■ Exercise ■
Using the data beneath this instruction, retype only the lines from the one that contains "10月22日,betway西" down to the one that contains "トピック3.:心の中では全肯", both included, exactly as they appear.

[Data records]

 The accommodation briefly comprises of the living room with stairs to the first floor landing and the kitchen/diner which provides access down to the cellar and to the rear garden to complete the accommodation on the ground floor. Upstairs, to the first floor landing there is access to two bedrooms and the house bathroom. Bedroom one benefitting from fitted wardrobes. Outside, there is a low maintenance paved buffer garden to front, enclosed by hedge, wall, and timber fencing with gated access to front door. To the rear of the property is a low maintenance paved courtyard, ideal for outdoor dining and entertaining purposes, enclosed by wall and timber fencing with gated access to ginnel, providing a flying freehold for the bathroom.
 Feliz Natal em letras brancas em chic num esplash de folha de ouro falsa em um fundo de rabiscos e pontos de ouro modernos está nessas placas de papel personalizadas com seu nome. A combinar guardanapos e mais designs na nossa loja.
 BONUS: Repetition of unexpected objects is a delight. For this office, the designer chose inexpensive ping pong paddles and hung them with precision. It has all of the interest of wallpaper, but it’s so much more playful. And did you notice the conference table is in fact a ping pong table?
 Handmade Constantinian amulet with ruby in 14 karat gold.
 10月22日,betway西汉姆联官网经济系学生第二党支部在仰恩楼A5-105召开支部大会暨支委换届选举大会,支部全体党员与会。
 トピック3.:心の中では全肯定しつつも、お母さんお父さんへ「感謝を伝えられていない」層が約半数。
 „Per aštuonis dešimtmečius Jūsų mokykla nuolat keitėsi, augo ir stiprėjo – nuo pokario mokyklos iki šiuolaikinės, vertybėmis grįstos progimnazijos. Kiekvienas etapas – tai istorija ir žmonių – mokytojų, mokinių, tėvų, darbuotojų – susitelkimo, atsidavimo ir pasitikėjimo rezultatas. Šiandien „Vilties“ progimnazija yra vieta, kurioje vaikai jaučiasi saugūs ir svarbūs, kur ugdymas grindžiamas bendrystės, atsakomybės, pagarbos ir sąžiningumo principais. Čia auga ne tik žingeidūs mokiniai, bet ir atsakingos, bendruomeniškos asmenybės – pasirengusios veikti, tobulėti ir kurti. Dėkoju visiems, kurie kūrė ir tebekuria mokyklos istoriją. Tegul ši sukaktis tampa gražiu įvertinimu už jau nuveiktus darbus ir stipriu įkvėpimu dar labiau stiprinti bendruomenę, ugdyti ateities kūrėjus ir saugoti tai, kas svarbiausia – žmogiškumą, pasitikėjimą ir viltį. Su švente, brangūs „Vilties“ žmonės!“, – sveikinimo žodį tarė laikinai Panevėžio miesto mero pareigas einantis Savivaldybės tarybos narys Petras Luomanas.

[/Data records]
[Data records]

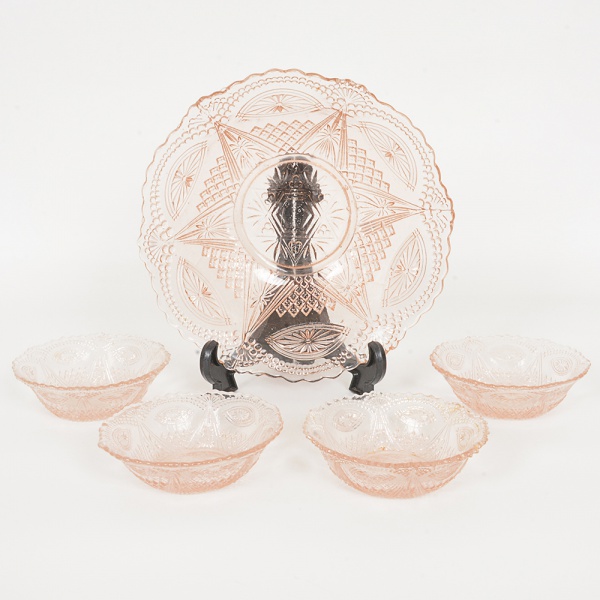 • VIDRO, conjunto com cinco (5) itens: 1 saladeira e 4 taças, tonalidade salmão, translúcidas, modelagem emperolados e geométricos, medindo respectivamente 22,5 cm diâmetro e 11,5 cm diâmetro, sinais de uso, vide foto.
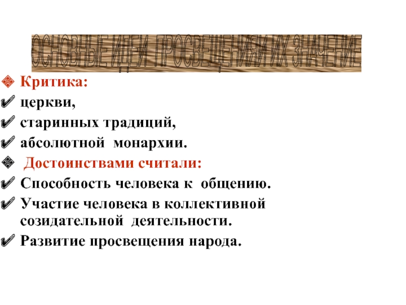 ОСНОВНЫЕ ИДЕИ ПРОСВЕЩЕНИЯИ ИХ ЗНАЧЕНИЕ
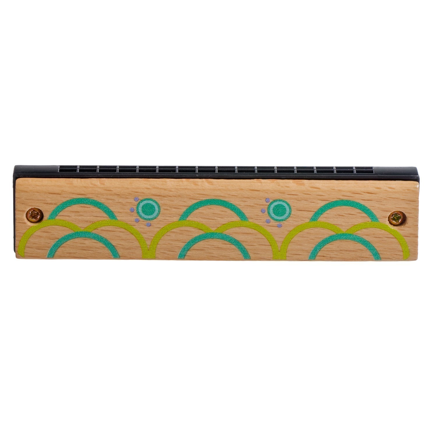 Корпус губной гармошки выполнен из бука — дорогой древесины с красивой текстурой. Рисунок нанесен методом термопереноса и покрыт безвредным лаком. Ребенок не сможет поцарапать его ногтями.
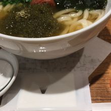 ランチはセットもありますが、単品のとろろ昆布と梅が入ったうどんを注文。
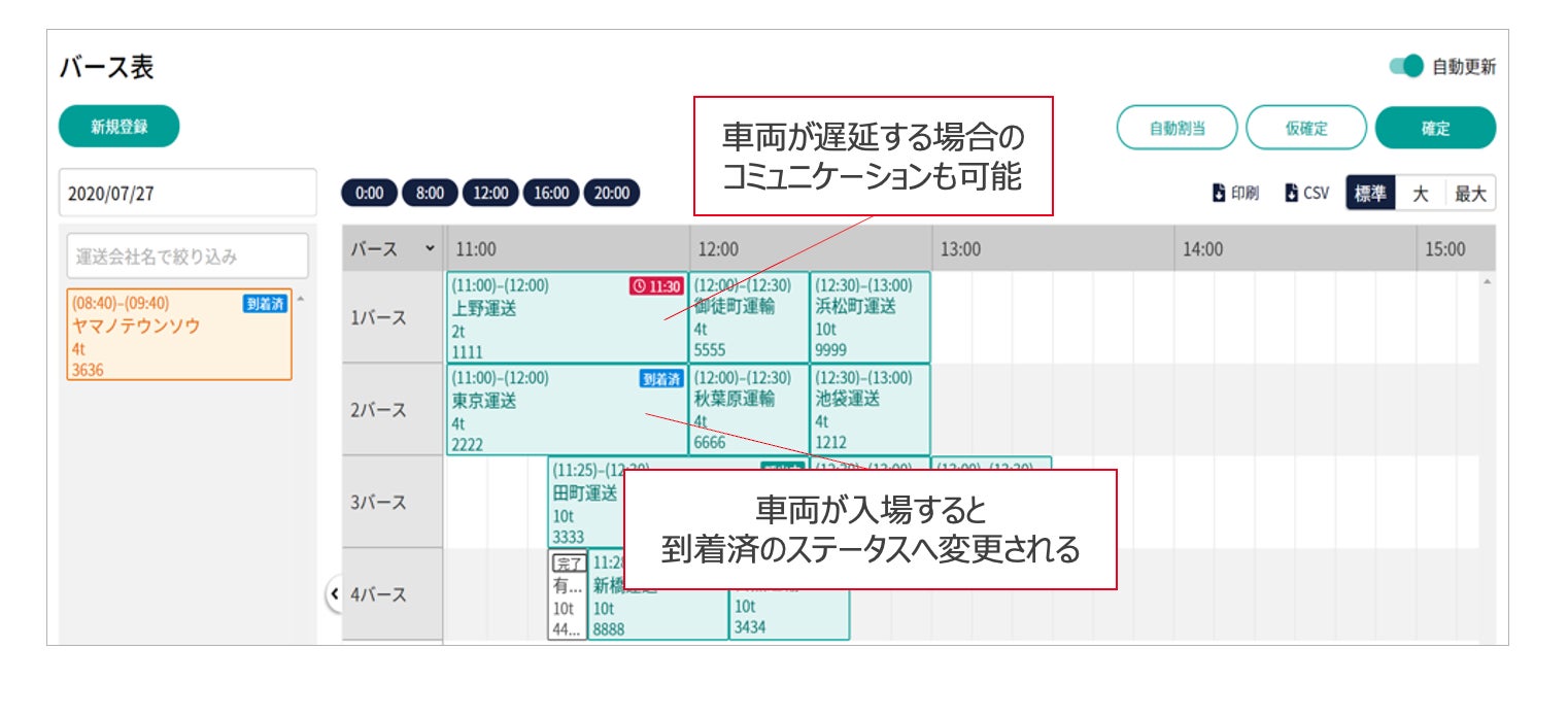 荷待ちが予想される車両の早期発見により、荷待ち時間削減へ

[/Data records]
[Data records]

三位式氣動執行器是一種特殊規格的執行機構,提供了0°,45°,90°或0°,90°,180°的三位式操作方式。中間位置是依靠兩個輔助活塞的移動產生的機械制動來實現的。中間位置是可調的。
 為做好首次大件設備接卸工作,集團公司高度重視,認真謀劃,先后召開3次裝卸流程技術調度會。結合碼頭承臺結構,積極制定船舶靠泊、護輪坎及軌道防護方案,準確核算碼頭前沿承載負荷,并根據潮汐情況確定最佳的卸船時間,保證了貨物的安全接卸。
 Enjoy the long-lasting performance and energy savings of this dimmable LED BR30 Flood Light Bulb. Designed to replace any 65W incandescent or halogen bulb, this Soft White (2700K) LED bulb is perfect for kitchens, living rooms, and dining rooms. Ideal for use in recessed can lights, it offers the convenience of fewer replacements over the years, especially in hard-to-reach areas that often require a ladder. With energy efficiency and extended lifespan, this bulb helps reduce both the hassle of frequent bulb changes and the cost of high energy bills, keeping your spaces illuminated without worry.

[/Data records]

■ Solved problem ■
 10月22日,betway西汉姆联官网经济系学生第二党支部在仰恩楼A5-105召开支部大会暨支委换届选举大会,支部全体党员与会。
 トピック3.:心の中では全肯定しつつも、お母さんお父さんへ「感謝を伝えられていない」層が約半数。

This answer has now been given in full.